“On nous a pris pour des fous”: avec ses montres haut de gamme qui ambitionnent une fabrication “100% française” pour son dernier modèle, la jeune entreprise mulhousienne Apose entend contribuer au “renouveau” de l’horlogerie hexagonale.
Damien Stroka et Angela Schnaebele – AFP
“On nous a pris pour des fous”: avec ses montres haut de gamme qui ambitionnent une fabrication “100% française” pour son dernier modèle, la jeune entreprise mulhousienne Apose entend contribuer au “renouveau” de l’horlogerie hexagonale.
“Au départ, quand on a dit qu’on voulait fabriquer tout en France, ou majoritairement France, on ne nous a pas crus”, confie Didier Finck, 36 ans, cofondateur de la PME avec Ludovic Zussa, 38 ans. “Fabriquer en France est complexe”, abonde ce dernier, la plupart des acteurs hexagonaux de la filière opérant en effet pour l’industrie horlogère suisse, référence en la matière.
Pour le mouvement, l’ensemble des pièces qui font fonctionner la montre, ils ont noué un partenariat avec Péquignet, unique maison horlogère de l’Hexagone à fabriquer son propre mécanisme. Basée dans le berceau de l’horlogerie française, à Morteau dans le Doubs, cette manufacture de luxe leur a proposé son calibre EPM03. Mais sur les 180 composants de celui-ci, 28% sont toutefois créés en Suisse. “Certaines compétences n’existent plus en France”, notamment “depuis les années 70 avec l’arrivée du quartz”, explique Dani Royer, président de Pequignet, entreprise de 22 salariés qui produit également ses propres montres avec “un maximum” de composants français depuis 50 ans. Il salue l’approche d’Apose, qui “permet d’accroître la visibilité de la vrai horlogerie française”.
"Horlogerie française de qualité"
“On est très peu nombreux à suivre cette démarche et plus il y aura ce genre de démarche, plus il y aura des possibilités pour réindustrialiser tous les types de composants (du mouvement) en France”, estime-t-il. “Il faut garder l’espoir de récréer une horlogerie française de qualité.” Pour les deux entrepreneurs alsaciens, l’idée de lancer leur propre marque prend forme alors qu’ils travaillent chez le géant horloger suisse Swatch. Didier Finck est dans le design, Ludovic Zussa du côté industriel.
“Dès le début, notre but, c’était de montrer qu’on pouvait faire une montre 100% en France”, insiste M. Finck. “On voulait aussi proposer une autre façon de lire l’heure, on ne voulait par exemple pas charger les cadrans”, mais des montres sobres et épurées, “avec une “patte” très française”, complète Ludovic Zussa. Après deux emprunts bancaires de 120 000 et 130 000 euros glanés auprès d’investisseurs, Apose commercialise fin 2020 sa première production, la N°3.
Chaque montre est assemblée à la main par Romain Thiriet, l’horloger d’Apose, dans les locaux de la marque à Mulhouse (Haut-Rhin). “Le challenge est vraiment particulier avec Apose”, explique M. Thiriet, 27 ans et également responsable technique de la jeune PME. Celui qui fabriquait auparavant des montres sur mesure ambitionne lui aussi de “contribuer au renouveau de l’horlogerie française”. Le passage à une montre de fabrication française fut long et complexe. En Suisse ou en Asie, “deux ou trois fournisseurs peuvent “vous faire la route””, explique Ludovic Zussa. Mais en France, c’est compliqué : par exemple, “il n’y a plus de fabriquant de cadrans” depuis 2000, ce qui nous a “obligés à passer par quatre fournisseurs”.

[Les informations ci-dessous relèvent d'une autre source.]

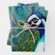 White blue and Green Piebald Peacock Wrapping Paper Sheet
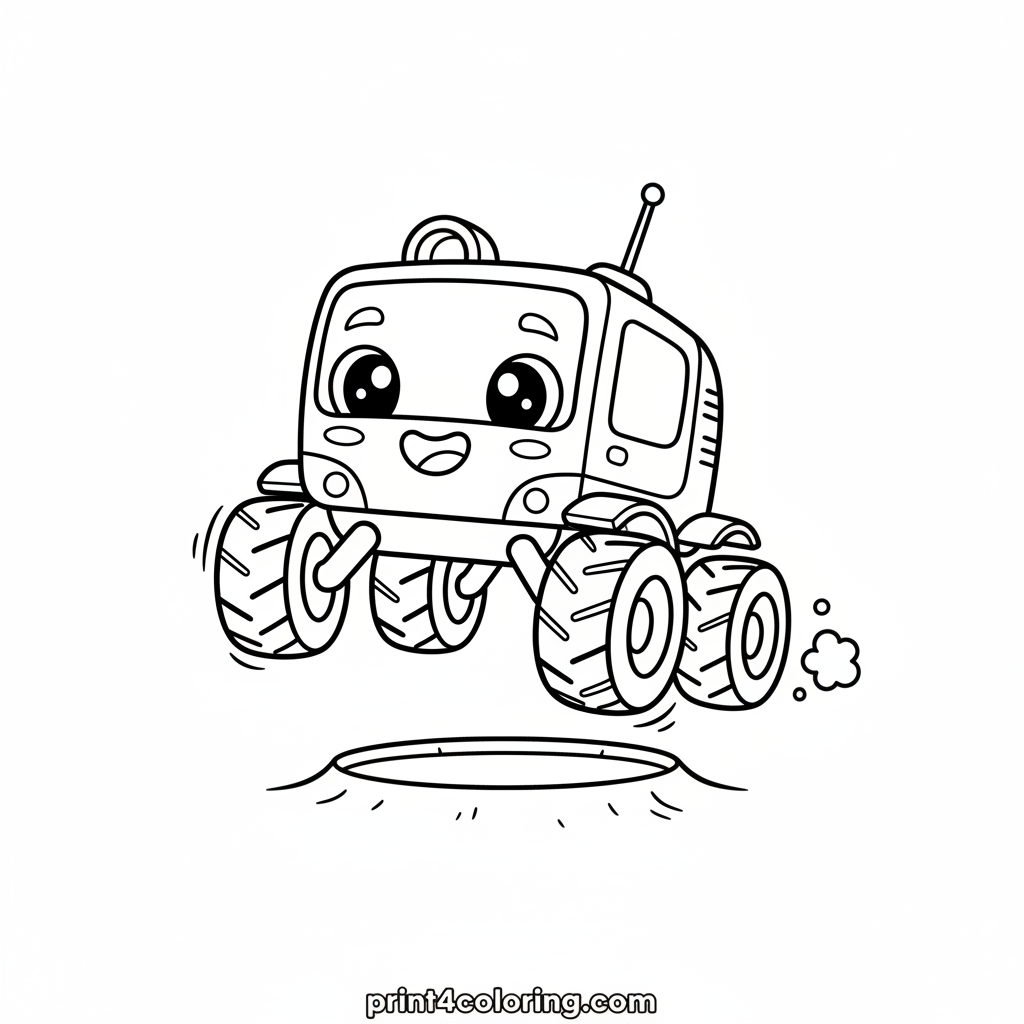 Join our friendly lunar rover on an exciting adventure! This sturdy space explorer is taking a gentle bounce over a small moon crater, its wheels slightly off the ground. A tiny puff of moon dust trails behind, showing its playful journey across the rocky lunar surface. Get ready to color this amazing scene!
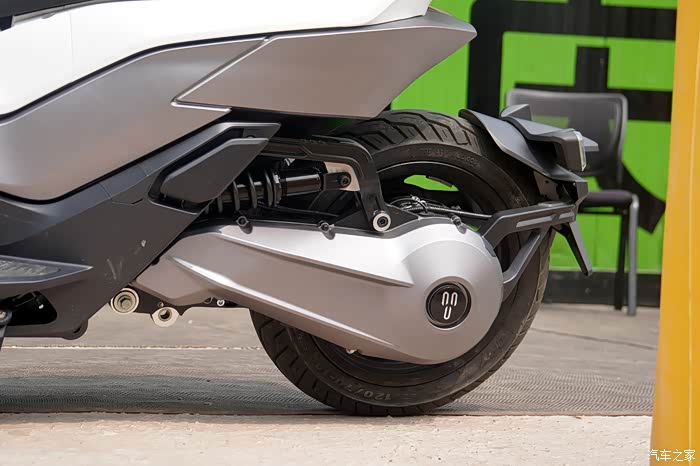 中置电机、多连杆减震、皮带传动、前后14寸轮组,除了燃料不同,这台纯电踏板的整体行驶系统架构与我们熟悉的高端燃油踏板相当接近。最终体现到骑行感受上的差异还是在由BicoseOS管理的3档动力模式以及3挡动力回收力度上。

Longchamp pour les bracelets
“Environ une année” a été nécessaire “pour créer un pool de fournisseurs” exclusivement français, faire les prototypes et les valider. Au total, une quinzaine de fournisseurs participent au projet d’Apose, dont la maison Longchamp qui lui réserve ses chutes de cuir pour confectionner les bracelets.

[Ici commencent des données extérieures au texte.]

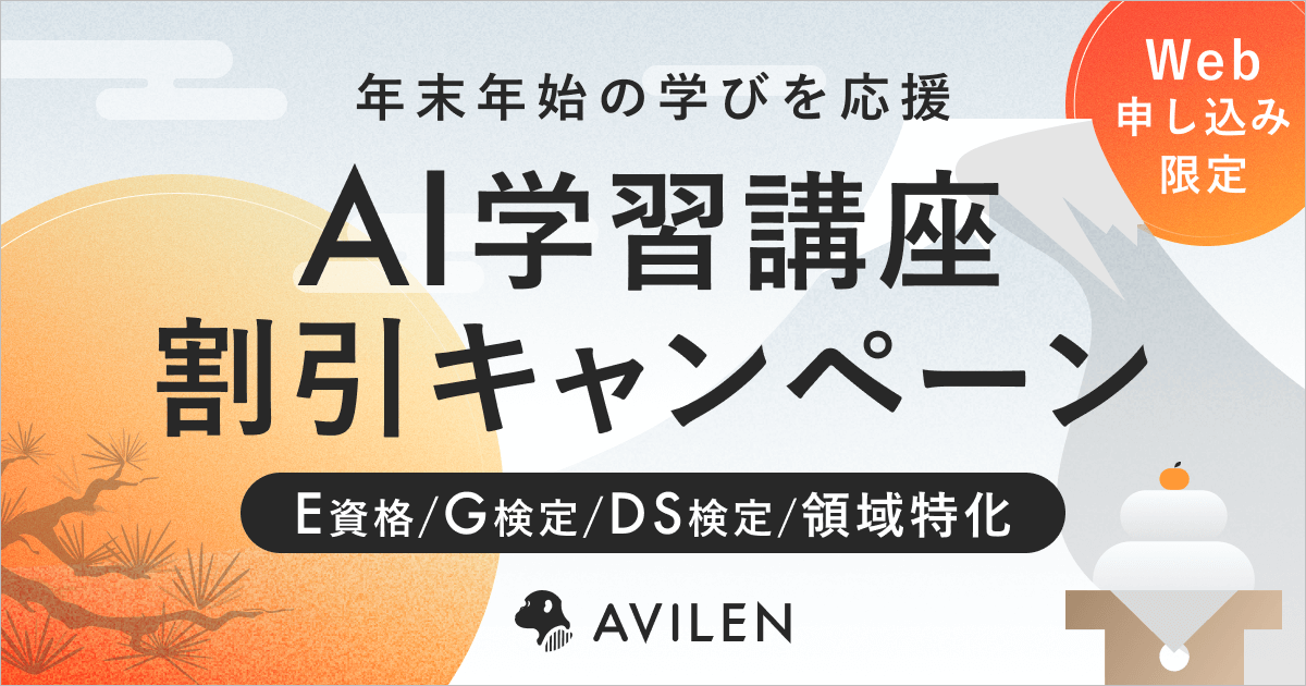 株式会社AVILEN(東京都中央区、代表取締役:高橋 光太郎、以下「AVILEN」)は、2022年12月1日から2023年1月15日まで「年末年始の学びを応援!AI学習講座割引キャンペーン」を開催します。

Le résultat ? La N°3-100, proposée depuis avril en série limitée de 200 exemplaires à 2.250 euros. Le made in France “a un coût”, souligne le président de Péquignet. “On ne peut pas acheter une montre 50 euros et s’attendre à ce qu’elle soit fabriquée en France.” Une logique que les acheteurs comprennent de plus en plus, notamment depuis la pandémie de Covid, selon M. Royer.

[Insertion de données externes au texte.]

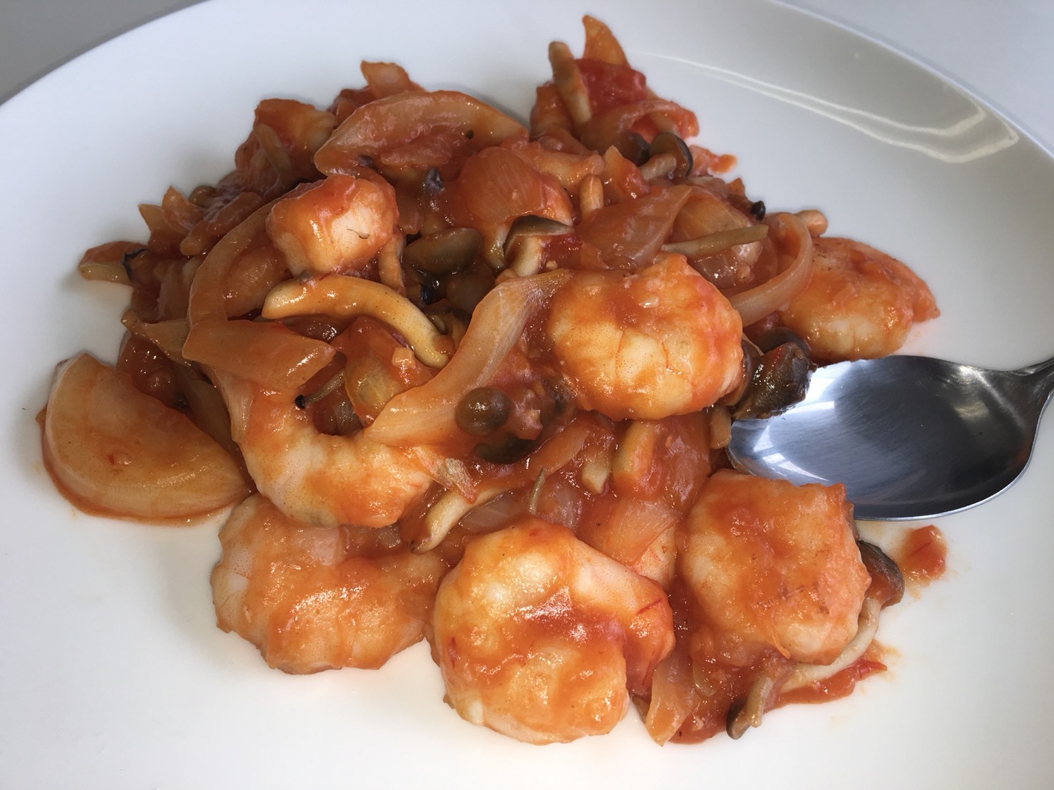 | ⑤フライパンに油を足し、にんにくを入れ香りがたったら、玉ねぎ・しめじを炒め、チリソースをいれよくまぜたら、えびを入れ味をなじませとろみがついたら完成。 |

Pour la suite, la jeune entreprise ambitionne d’ici 2024 d’embaucher “une dizaine” de personnes. “On est fier de prouver que l’horlogerie française n’est pas morte et qu’on a pu faire en un an et demi une montre 100% française”, la seule du marché, poursuit le designer. “On espère que d’autres vont nous suivre.”